Could you retype exactly the line containing "B Sélectionnez ici" and every line after it in the data below, leaving out the pictures?

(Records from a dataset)
★ ★ ★ ★ ★

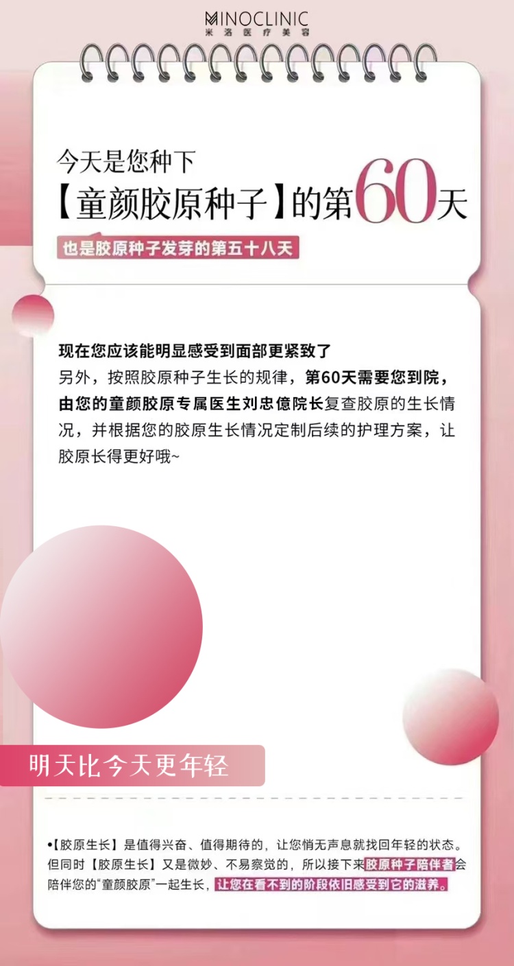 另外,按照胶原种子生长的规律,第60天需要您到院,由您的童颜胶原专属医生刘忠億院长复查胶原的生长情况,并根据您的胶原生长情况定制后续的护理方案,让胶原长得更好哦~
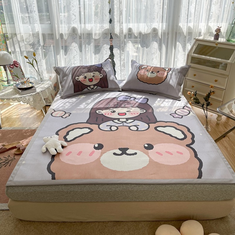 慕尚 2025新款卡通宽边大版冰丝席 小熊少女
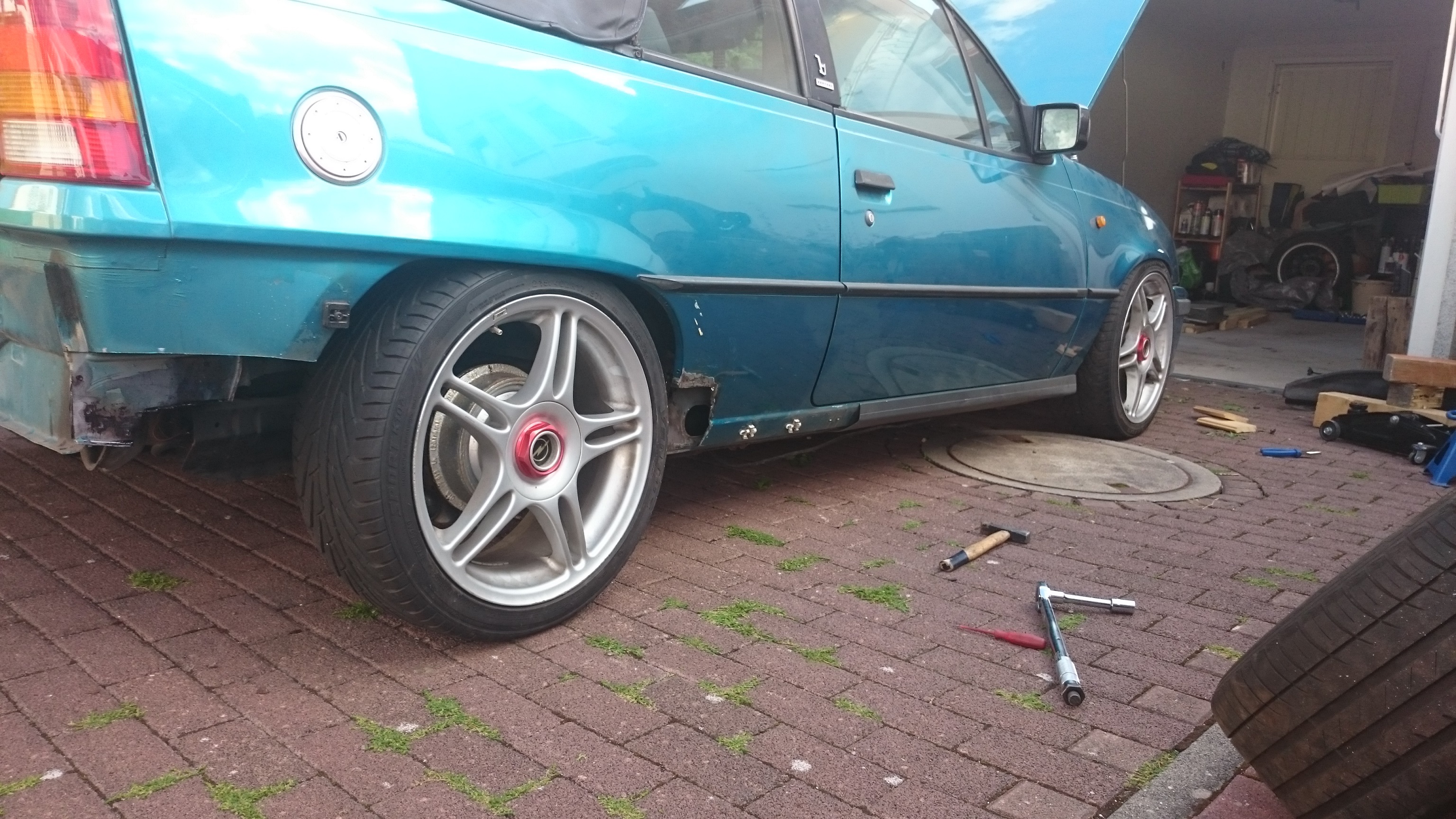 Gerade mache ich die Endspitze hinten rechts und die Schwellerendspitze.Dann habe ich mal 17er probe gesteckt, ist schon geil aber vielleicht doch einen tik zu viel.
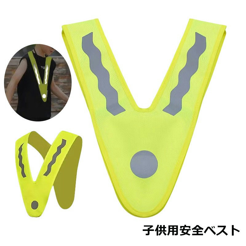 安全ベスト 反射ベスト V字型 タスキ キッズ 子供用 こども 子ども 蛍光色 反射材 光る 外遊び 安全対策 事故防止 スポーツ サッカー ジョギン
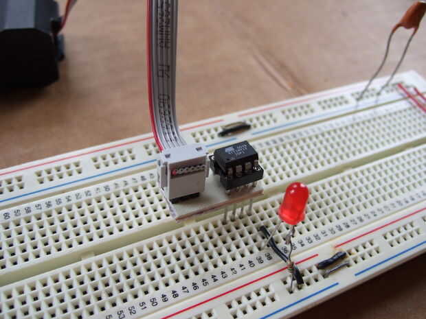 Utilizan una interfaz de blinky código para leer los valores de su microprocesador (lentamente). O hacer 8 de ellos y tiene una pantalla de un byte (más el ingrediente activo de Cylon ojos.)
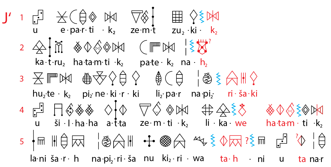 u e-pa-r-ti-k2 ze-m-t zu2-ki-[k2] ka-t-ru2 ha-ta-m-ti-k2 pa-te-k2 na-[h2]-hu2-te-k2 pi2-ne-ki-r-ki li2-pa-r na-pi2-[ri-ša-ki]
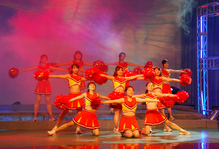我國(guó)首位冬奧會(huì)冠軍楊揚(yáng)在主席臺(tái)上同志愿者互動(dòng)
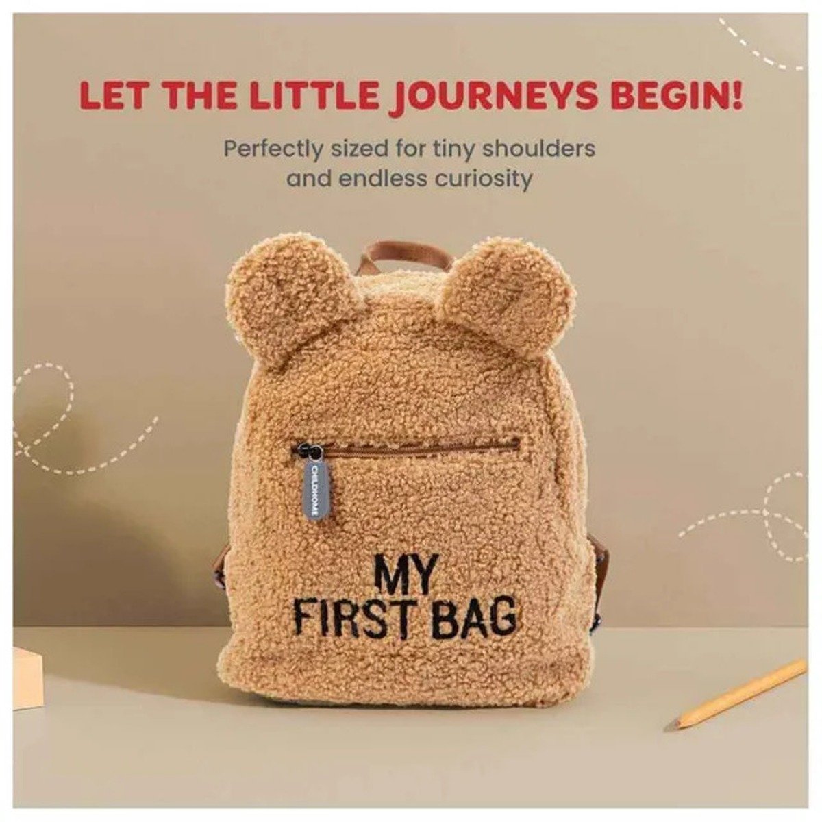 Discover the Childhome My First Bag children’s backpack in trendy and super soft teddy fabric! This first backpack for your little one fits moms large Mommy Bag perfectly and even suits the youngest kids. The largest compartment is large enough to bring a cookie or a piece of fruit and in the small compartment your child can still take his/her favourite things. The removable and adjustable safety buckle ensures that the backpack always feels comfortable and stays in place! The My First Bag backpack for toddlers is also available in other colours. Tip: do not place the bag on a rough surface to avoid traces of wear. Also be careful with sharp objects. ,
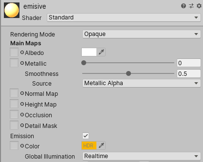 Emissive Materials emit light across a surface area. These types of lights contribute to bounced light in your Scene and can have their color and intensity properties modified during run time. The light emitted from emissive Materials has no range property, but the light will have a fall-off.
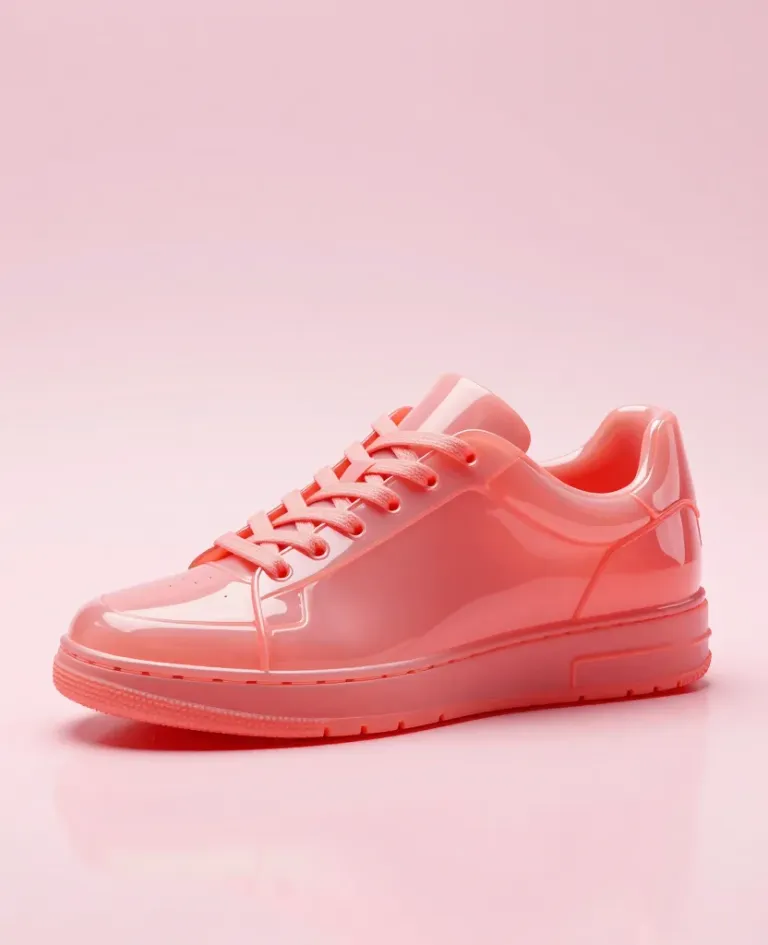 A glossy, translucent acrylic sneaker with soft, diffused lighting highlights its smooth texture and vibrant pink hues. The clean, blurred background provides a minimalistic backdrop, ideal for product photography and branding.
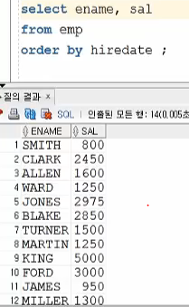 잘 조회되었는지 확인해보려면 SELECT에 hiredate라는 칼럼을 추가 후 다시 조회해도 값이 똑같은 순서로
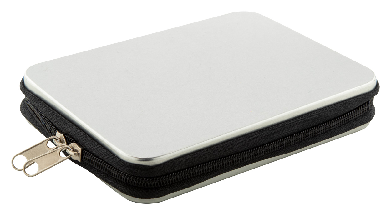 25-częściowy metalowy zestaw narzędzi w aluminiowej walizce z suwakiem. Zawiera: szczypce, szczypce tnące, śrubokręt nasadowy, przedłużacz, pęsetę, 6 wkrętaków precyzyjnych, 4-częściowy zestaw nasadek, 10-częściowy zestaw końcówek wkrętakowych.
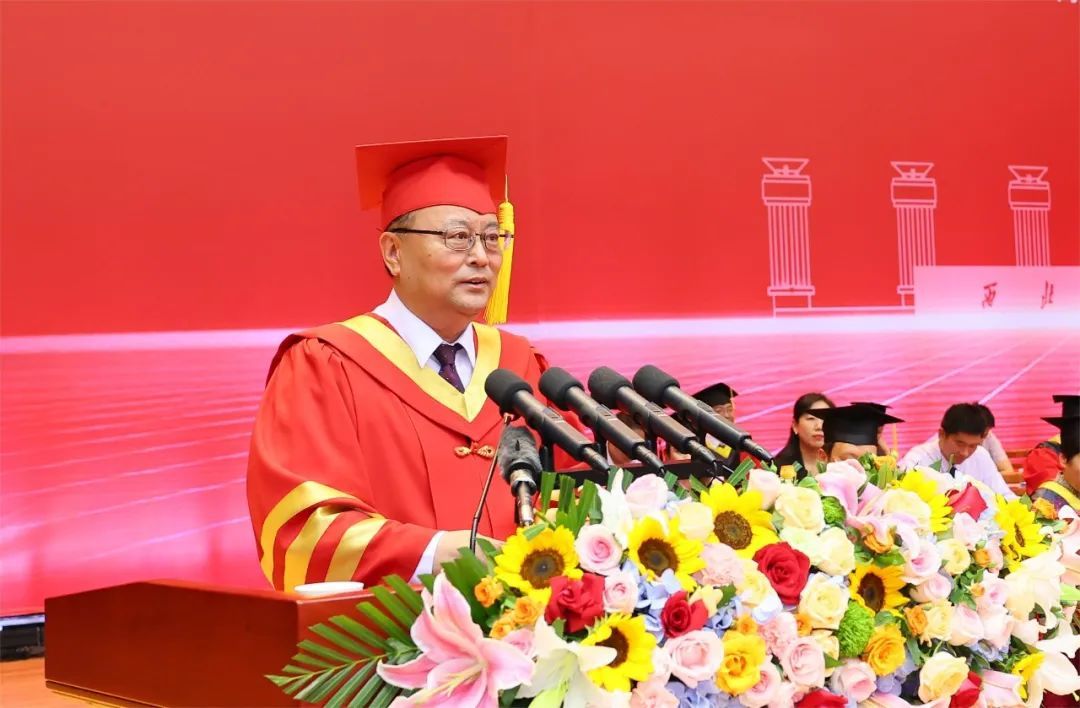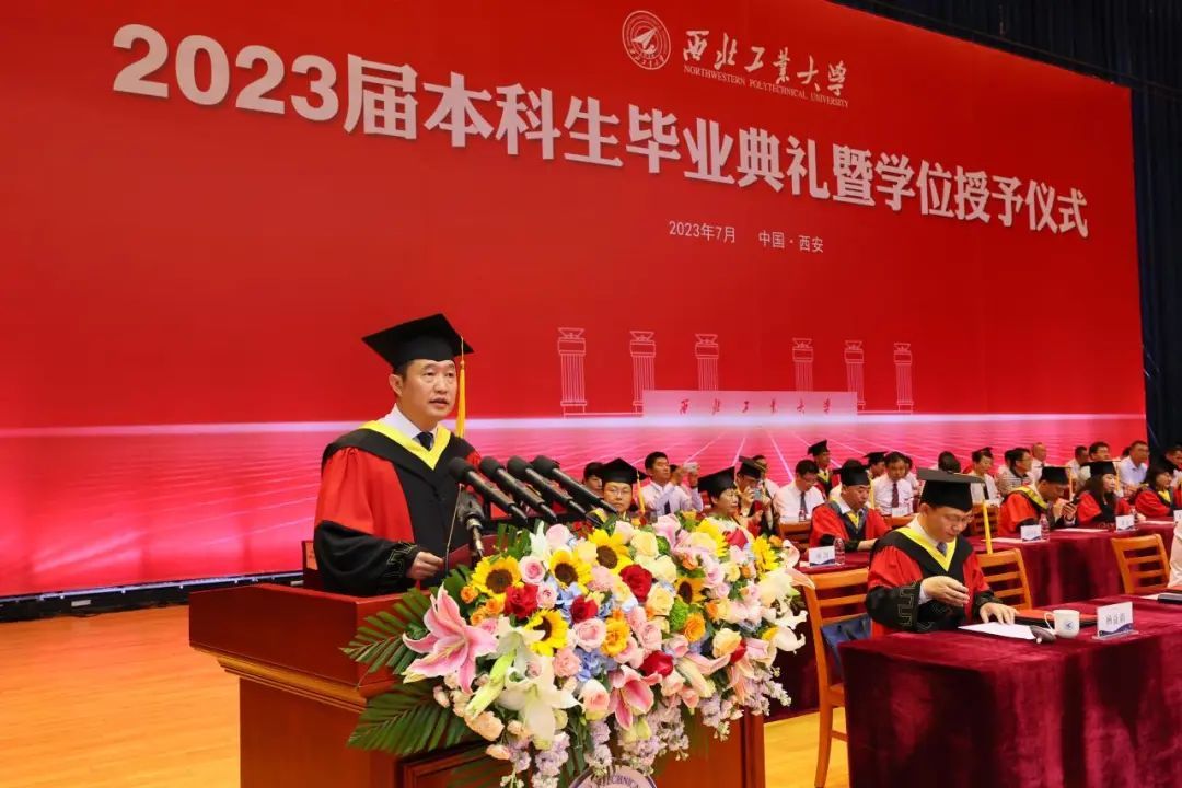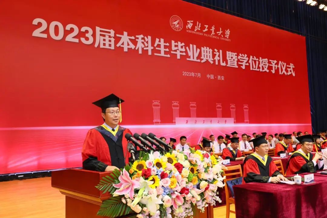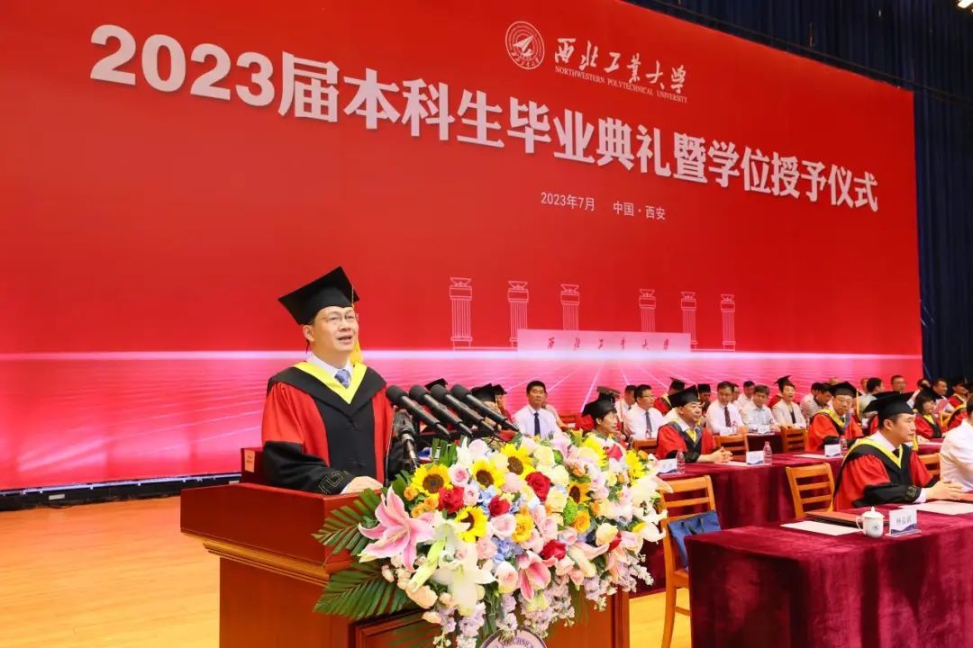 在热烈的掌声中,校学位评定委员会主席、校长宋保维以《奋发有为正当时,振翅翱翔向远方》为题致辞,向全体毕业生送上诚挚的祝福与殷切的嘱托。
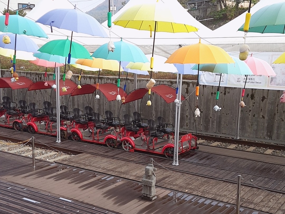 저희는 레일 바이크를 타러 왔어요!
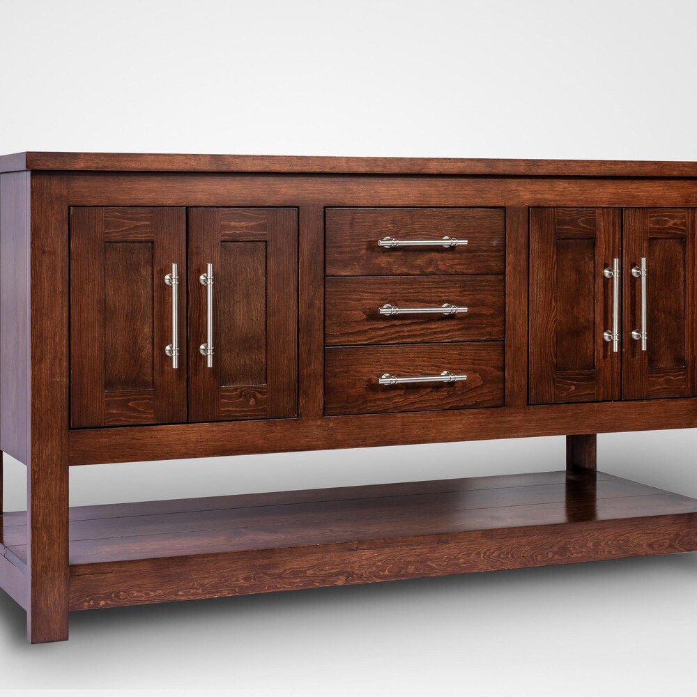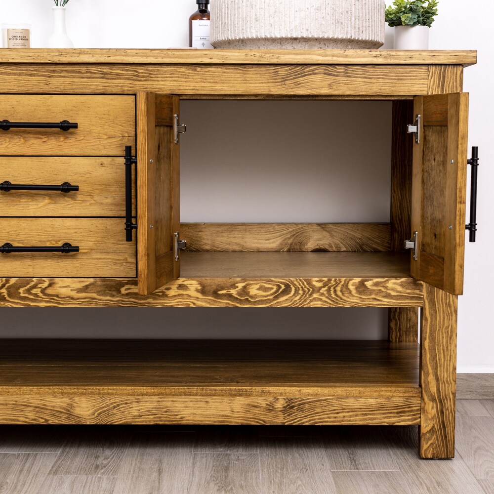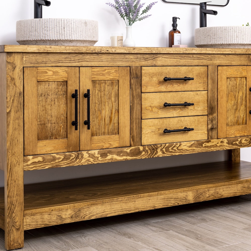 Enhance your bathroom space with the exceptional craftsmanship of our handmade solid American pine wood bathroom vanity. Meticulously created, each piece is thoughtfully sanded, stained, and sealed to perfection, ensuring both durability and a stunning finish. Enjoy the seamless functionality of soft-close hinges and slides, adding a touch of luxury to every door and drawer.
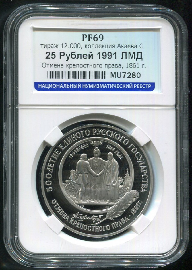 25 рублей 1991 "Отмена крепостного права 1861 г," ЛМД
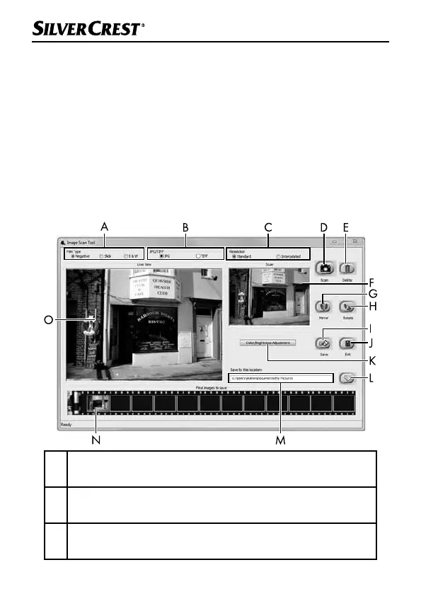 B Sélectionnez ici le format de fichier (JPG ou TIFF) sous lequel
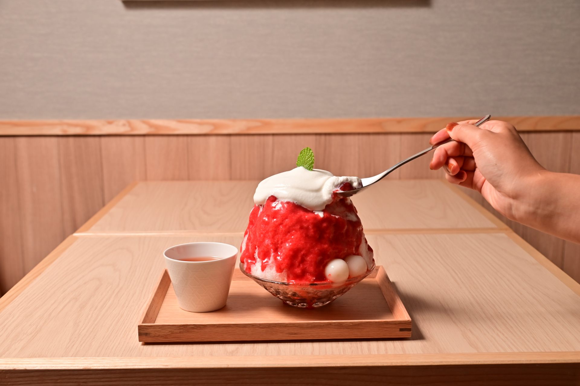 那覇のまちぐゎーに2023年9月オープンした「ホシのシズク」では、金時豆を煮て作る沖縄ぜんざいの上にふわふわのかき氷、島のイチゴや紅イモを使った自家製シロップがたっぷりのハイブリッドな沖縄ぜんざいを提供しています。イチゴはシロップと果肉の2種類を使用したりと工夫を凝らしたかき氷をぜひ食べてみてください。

★ ★ ★ ★ ★

RESPONSE FOR THIS EXERCISE -
 B Sélectionnez ici le format de fichier (JPG ou TIFF) sous lequel
 那覇のまちぐゎーに2023年9月オープンした「ホシのシズク」では、金時豆を煮て作る沖縄ぜんざいの上にふわふわのかき氷、島のイチゴや紅イモを使った自家製シロップがたっぷりのハイブリッドな沖縄ぜんざいを提供しています。イチゴはシロップと果肉の2種類を使用したりと工夫を凝らしたかき氷をぜひ食べてみてください。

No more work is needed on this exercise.